Dr Raghib Ali, a clinical research associate at Cambridge University, said the results were ‘encouraging’ given the high booster uptake in the highest risk groups.
He added: ‘It is also reassuring to see preliminary analysis showing a lower risk of hospital admission in school age children (less than half) for Omicron compared to Delta.
‘However, given the very high and increasing number of cases, especially in the over 60s, it is essential for everyone to keep following the public health guidance to help reduce pressure on the NHS in the coming weeks.’
The UKHSA’s analysis of vaccine effectiveness included all 528,000 Omicron cases detected last week.
It examined different combinations of vaccines and boosters in the UK against Omicron, two doses of AstraZeneca, two doses of Pfizer, and two doses of Moderna, all followed up with a either a Pfizer of Moderna booster as the third dose.
The analysis then measured these combinations against both developing a symptomatic case of the virus and being hospitlised with the virus if a person were to catch it.
Combining the findings and averaging them across all brands, the analysis found a booster jab reduced the risk of hospitlisation from Covid by 88 per cent, two weeks after it was administered, the standard time a vaccine takes to achieve maximum effectiveness.
And two doses still slashed the odds of hospitalisation by up to 72 per cent from two weeks up to 24 weeks, about five-and-half months.

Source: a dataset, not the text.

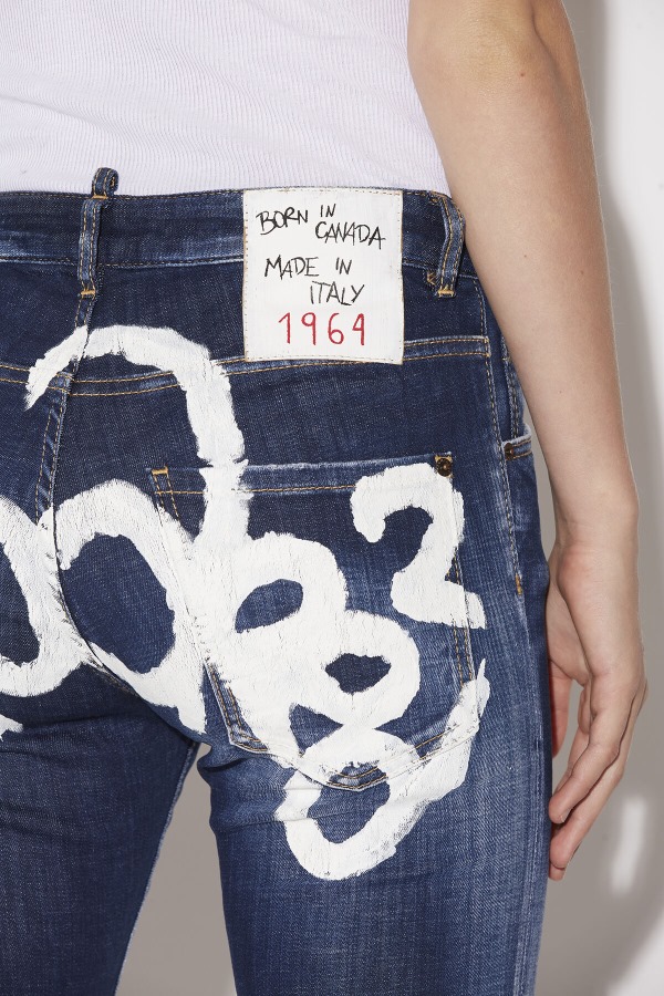 ###MAIN FABRIC: 98% COTTON, 2% ELASTANE. POCKET LINING: 65% POLYESTER, 35% COTTON.###The model is 5'10' tall and wears a size 6###Bring urban attitude in these dash washed five-pocket denim jeans, featuring a graffiti print across the rear and a painted D2 1964 detail around the left ankle. These cropped jeans make a statement on their own, and can be simply paired with a plain white tee for instant effortless swagger.

Mr Javid said it marked ‘more promising data which reinforces just how important vaccines are’.
He added: ‘This analysis shows you are up to eight times more likely to end up in hospital as a result of Covid if you are unvaccinated.
‘It is never too late to come forward for your first dose and it’s vital that everyone comes forward to get boosted now as we head into the New Year.’
Susan Hopkins, chief medical officer at the UKHSA, said the figures were ‘in keeping’ with other encouraging datasets.
But she warned: ‘Rising cases in the over-60s population in England means it remains highly likely that there will be significant pressure on the NHS in the coming weeks.
‘The data once again shows that coming forward for your jab, particularly your third dose, is the best way of protecting yourself and others against infection and severe disease.’
UKHSA figures also showed 57 people have now died from the Omicron variant in the UK. The oldest individual was 99, and the youngest was 41.